Shares in each ETF and Zero Certs can be bought and sold via a broker, like any equity. Investors will need two accounts: a trading account with a stockbroking member of SGX, and a securities account with the Central Depository. They can then buy or sell the instruments – which are traded intra-day and in board lots – through their broker or online trading account. Once issued, the price of an ETF or Zero Cert moves up and down in line with the target index.
Advantages and risks
One of the factors that make ETFs and Zero Certs attractive is that they are cheaper than unit trusts or mutual funds.
‘The costs are relatively similar for both (ETFs and certificates), which are much lower than actively-managed funds,’ said Mr Ashton. ‘If you buy a fund from your broker or consumer banker, for instance, it’s 3 to 5 per cent of upfront loading fees and management fees of 2 per cent per annum.’
Conversely, for an ETF, about 0.75 to 1.5 per cent per annum of asset is deducted from the investment daily, while for the Zero Cert, the issuer receives after-tax dividend of the index components.
Another factor is that both vehicles enable investors to get their foot into specific markets and asset classes, including shares of companies listed on overseas exchanges, thereby offering them diversification.
‘I see an ETF as an investment tool rather than an end-product. It helps investors build a customised portfolio,’ said Joseph Ho, managing director and head of ETFs in Asia at Lyxor, which has eight ETFs on SGX. Investors bullish on India, for instance, can allocate a percentage of their investment into the market through ETFs and reap returns should their view prove correct, he explained.
Mr Ashton said of certificates: ‘The platform can be summed up by saying it’s essentially like a supermarket for retail investors, where they can pick from a variety of different Zero Certs linked to investment themes and create their portfolios.’
However, the ETFs’ performance is directly affected by that of their underlying component stocks or bonds. The impact, however, is cushioned to some extent by diversification, as an ETF itself is a diverse pool of stocks or bonds.
Another risk to consider is the possibility of tracking errors. An ETF may sometimes not reflect the performance of its underlying index due to factors such as timing differences between countries.
‘When the ETF is not doing what it’s supposed to do, when you want it to give a return but it doesn’t replicate its benchmarked index, you’re in trouble,’ warned Mr Ho. ‘It’s something investors have to look out for.’

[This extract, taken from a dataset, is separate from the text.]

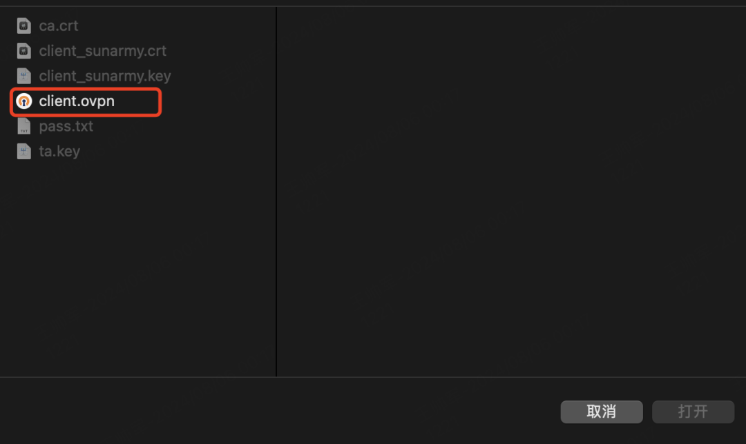 客户端证书路径:/etc/openvpn/easy-rsa/pki/issued/client.crt

Bright future for the market
ETFs were first introduced in the US in 1993, and have grown to more than $250 billion today. And while Asia has only recently started playing catch-up to that, the products have been growing in popularity.
At an ETF conference in late February, Morgan Stanley managing director and head of investment strategy Deborah Fuhr said Asia ‘will see many more (ETF) products coming on the market and a lot of people using them here, as well as elsewhere’.

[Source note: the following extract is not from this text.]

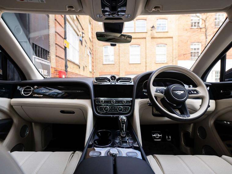 10.9" touch screen high resolution and configurable infotainment display and digital drivers information display, Advanced navigation function with text, search, 3D, satellite maps, speed limit, dynamic traffic route guide, telephone, Text-speech + voice, Bentley branded clock, Bentley GPS tracking system full fitment, Bentley safeguard plus, Blind spot assist, Bluetooth and WIFI enabled, Emergency services call system, Four drive dynamics modes (bentley, comfort, sport, custom), Front/rear park distance control, Hands free power tailgate, MMI Screen, My Bentley connected car services, Power latching to all doors for easy entry, Redesigned instrument panel lower trim rolls, incorporating a storage compartment on the passenger side, Seamlessly integrated technology with wireless apple car play and android auto, Speed sensitive variable ratio electric power steering, Touch screen remote, Traffic jam assist, Voice control system, Wireless phone charging compartment, Air suspension with continuous damping control, Bentley Dynamic ride with electronic all wheel steer, Permanent all wheel drive with centre torsen differential, DAB Digital radio, 3rd brake light, Adaptive low beam, Auto dimming rear view mirror, Automatic headlights, Azure exterior door badges, Azure fascia badge, Bentley badge in tailgate opening switch, Bentley lettering under the wings in tailgate, Black painted shark fin aerial, Body colour door mirrors, Body coloured lower bodywork - Standard paint range, Bright chromed matrix style grille to lower bumper apertures, Bumper design with large side intakes and sculptured surfaces, Contrast front and rear bumper apron, Elec/heat/adj/fold door mirror+memory, Electric tilt/slide panoramic sunroof, Fender design reduces over bodied perception, Fixed rear spoiler, Front and rear fog lamps, Full LED supplementary lamps and tail lamps, Full matrix LED headlamps with high beam assist, Full width clamshell design and deeply contoured rear tailgate panel, Heated rear windscreen, Illuminated treadplates, Jewel fuel and oil filler caps, Large dominant B shaped side wing vent front position, LED daytime running lights, Long fender vent above the power line on body side, Lower door side mouldings, Number plate aperture position under rear bumper, Oval split tailpipe, Phone antenna amplifier, Power close rear door, Rain sensing wipers, Rear side wing doors, Rear wiper, Roof rails, Trailer sway mitigation, Tunnel detection for auto light control, V8 exterior badge, Wet arm wipers and heated water jets, 12V power in rear centre console, 12V socket in glovebox, 12V socket in luggage compartment, 3 seat bench in 2nd row, 4-Zone HVAC, Air Ioniser, Azure seat emblems, Deep pile overmats to front and rear, Dinamica headlining and upper trim, Electric tilt and reach adjustment steering column with memory and easy entry function, Electronic accessory preparation, Embroidered Bentley emblems, Fluted seat design, Foams and cover design on all seats, Folding luggage compartment cover, Front and rear cupholders, Indented steering wheel, Interior mood lighting, Isofix attachments on outer rear seats, Key box, Load through facility, Lockable cooled glovebox, Luggage rails, Rear dual window switches, Rear seat climate control, Single front passenger seat, Sports pedals, Stowage with instrument panel, doors (front and rear), armrests and console, Twin front armrests, Two metal bulls eye vents with organ stops and redesigned centre vents, Two type C USB ports front and rear, Wing pockets for small items, Harmony diamond quilt specification pack - Bentayga, Touring specification pack - Bentayga, 3 rear seatbelts, ABS/EBD, Child safety lock, EDL, Electronic park brake with move-off assist, Electronic tyre pressure monitoring, ESP + MSR + ASR, Exit warning, Front and rear head airbags, Front and rear thorax airbag system, Front passenger airbag deactivation, Front seatbelt pretensioners with force limiters, Hill descent function, Hydraulic Brake Assist (HBA), Rear outer seatbelt pretensioners with force limiters, Rollover mitigation, Side airbags, Traction control, Immobiliser, Keyless entry, Keyless ignition, Preparation for vehicle tracking, Remote central locking, Volumetric anti theft alarm, Veneered centre fascia panel,

Mr Ashton has also seen ‘tremendous growth in this area already’, but noted that more education is needed for Asian investors to familiarise themselves with the products.
‘Here in Asia, the market is at the more junior stage compared with that in Europe,’ he said. ‘But I think it’s a matter of education and awareness-building, and investors will see that the track record of these rule-based certs or ETFs has outperformed active fund managers who charge a much steeper fee structure.’